Le seguía una admirable chaquetilla de paño que por debajo llevaba su correspondiente camisa y una de las tantas chalinas de seda, con flecos, y de distintos colores que usan los charros. Para mí esa chaquetilla era la prenda más vistosa del atuendo; por eso los charros se mueven constantemente y se ponen con frecuencia de espaldas, donde se estampan verdaderos cuadros pictóricos, una amplia gama de símbolos de México, como el águila y la serpiente. En la chaquetilla del traje que me obsequió Negrete aparecía un águila confeccionada mediante pedacitos de paño de distintos colores y esos minúsculos adornos plateados, dorados y en pedrería, que con su milenaria paciencia los mexicanos incrustan en prendas de esta índole. El pantalón, que se usa ajustado, presentaba en los laterales unas franjas trabajadas en los mismos materiales del sombrero y de la chaquetilla y, en su conjunto, a aquel traje, igual al mejor que luciría un auténtico charro, podía comparársele con una llama viva.

Viéndome vestida así, comprendí el disgusto experimentado por Negrete al imitarlo con el vestuario del Lírico, aunque para mí lo más significativo de la indumentaria que me obsequió fue su gesto, que ese traje viniese de sus manos. Se sintió feliz contemplándome así vestida y de inmediato procedió a instruirme en el manejo de un elemento que no puede faltarle a un charro: el sarape, que requiere de cierto aprendizaje al usarlo con fines artísticos, es una prenda que habla, posee su propio lenguaje, según uno se lo coloca, lo tira o deja caer al piso.
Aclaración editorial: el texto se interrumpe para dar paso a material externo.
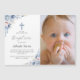 Convite Magnético para Foto de Bebê Floral Azul Poeira Elegante Batismo
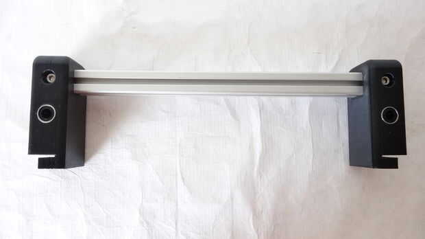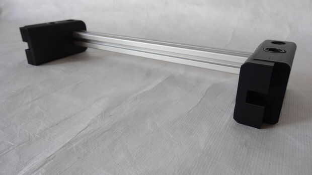 Al principio usted tiene que empujar los 300m extrusión dentro de la parte impresa. Luego conectas la extrusión con seis M5 tuercas de extrusión. Antes de presionar el LM8UU dentro de la parte impresa, por favor, taladre la pieza impresa con una broca de 15mm.
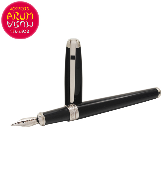 Description: Fountain pen S.T. Dupont, made of black lacquer and palladium. The The nib is in 18K gold. Measure is 14 cm.
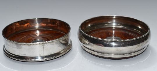 Two hallmarked silver wine coasters, one with feature hallmarks, diameter of largest 14cm
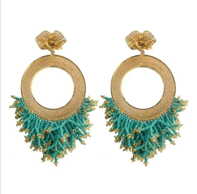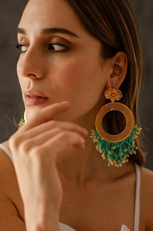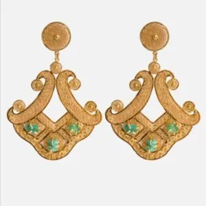 Candonga elaborado en la técnica ancestral filigrana, tejido a mano en hilos de bronce con baño de oro de 24k.
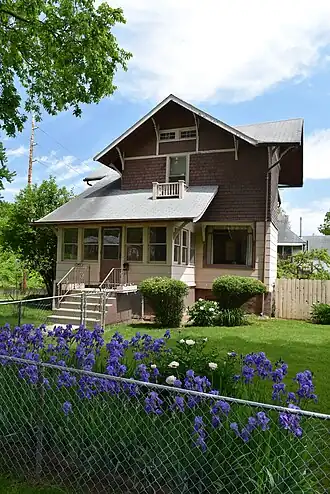 The William B. Hayes House is a historic building located in Des Moines, Iowa, United States. The house is significant for its being one of the best examples in Des Moines of the Swiss chalet style subtype of the Stick Style.[2] It was built in 1886 as a single-family dwelling by local developer Lowry W. Goode. This 1½-story frame structure on a brick foundation features a gable-end facade that is intersected by side gables, and wide eaves that are supported by wood braces. The northern side gable extends over an enclosed front porch. The house was listed on the National Register of Historic Places in 1996.[1]

Y me recalcó: «No lo utilice como si fuera un chal para cubrirse, se trata de una prenda masculina y debe dar soberbia, virilidad, la fuerza asociada al charro».
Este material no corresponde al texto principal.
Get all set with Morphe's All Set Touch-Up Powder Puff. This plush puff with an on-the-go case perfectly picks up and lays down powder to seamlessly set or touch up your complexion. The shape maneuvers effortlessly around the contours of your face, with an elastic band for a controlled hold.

Terminadas esas indicaciones, osé decirle: «Sus explicaciones las considero fantásticas por orientarlas usted y constituir una descripción detallada que me servirá de mucho en mejorar su imitación, pero le faltó darme algo que también es importante para un charro». «¿Qué cosa?», me preguntó sorprendido. Con mucha seriedad le respondí: «¡Las pistolas!», y empezó a reírse conmigo.

Guardo impresiones agradables de mi caracterización de Negrete, en la cual apliqué el principio de la sencillez y la veracidad al asumir un personaje. No intenté hacer risible mi interpretación, ni de convencer al público de que era un émulo de Negrete, a quien nadie podía imitar; era único en sus actuaciones. Sólo me propuse plasmar en ella la sinceridad de una cubana que admiraba al charro encarnado por él; canté muy afinado Tequila con limón y Me he de comer esa tuna, y le di a esos corridos ciertas características del aspecto exterior de este personaje típico de México, como su machismo exacerbado.
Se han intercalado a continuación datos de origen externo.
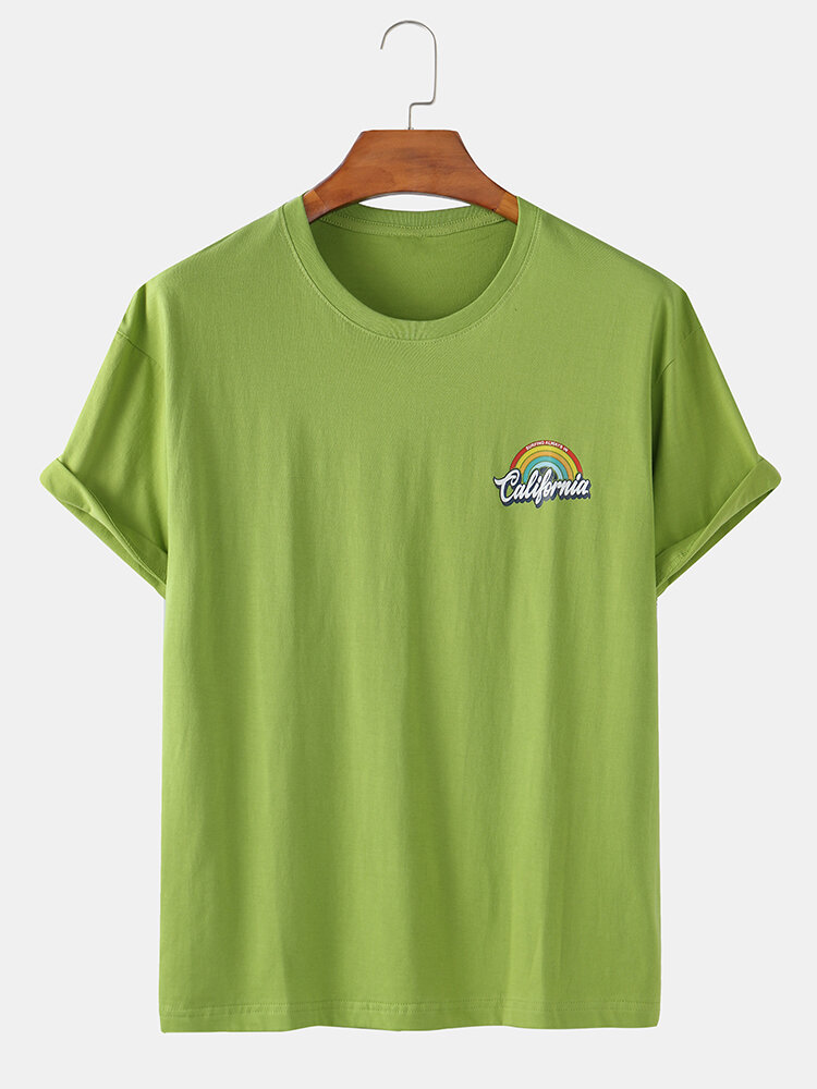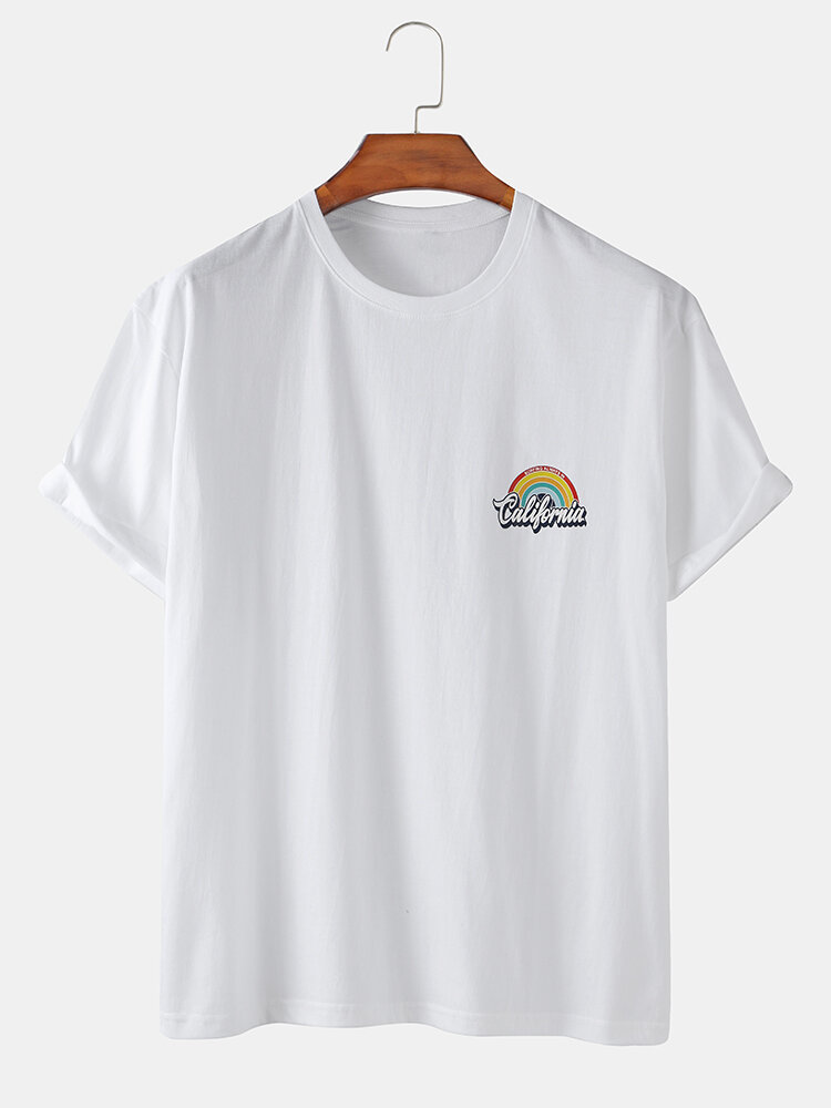 Cotton Rainbow Pattern Text Print Short Sleeve Casual T-Shirts – White M

Eso sí, sin ridiculizar, sin hacer una estampa chabacana de la imagen del charro, por el contrario, respetándolo muchísimo. Negrete quedó tan contento y complacido que, con posterioridad a mi regreso de México, en un viaje de visita que efectuó a La Habana con Gloria Marín, me mandó a invitar a un homenaje que, en la Barra Bacardí, le tributó la Agrupación de la Crónica Radial Impresa (ACRI).

Por esa interpretación también me felicitó hasta el propio Agustín Lara, una persona muy accesible y sencilla. Antes de tratarlo, pensé encontrar a un hombre envanecido, ya que su música había trascendido los límites geográficos de México y de América. Sin embargo, se manifestaba igual que el más simple de los seres humanos y su modestia llegó al extremo de que, si una obra suya recibía demasiados elogios, contestaba: «Su valor no se debe a mí, sino a quien la inspiró».

La apoteosis en ese sentido la alcanzó al tener de musa a María Félix, la mujer más bella que he visto en los días de mi vida. Impresionaba con su alta estatura, el color tan parejo de su piel, su portentoso cabello, la lozanía de su cutis, sus expresivos ojos, su perfecta boca y un corte de cara que no requería de la búsqueda de ángulos favorables al fotografiarla. La «Doña» contaba en aquel momento no sólo con la capacidad de inspirarlo a él, sino a cualquiera que se le acercaba, pero se convirtió en una figura imprescindible para Agustín, quien en largo tiempo no tuvo más ojos, oídos y fantasía creativa si no eran iluminados por la Félix.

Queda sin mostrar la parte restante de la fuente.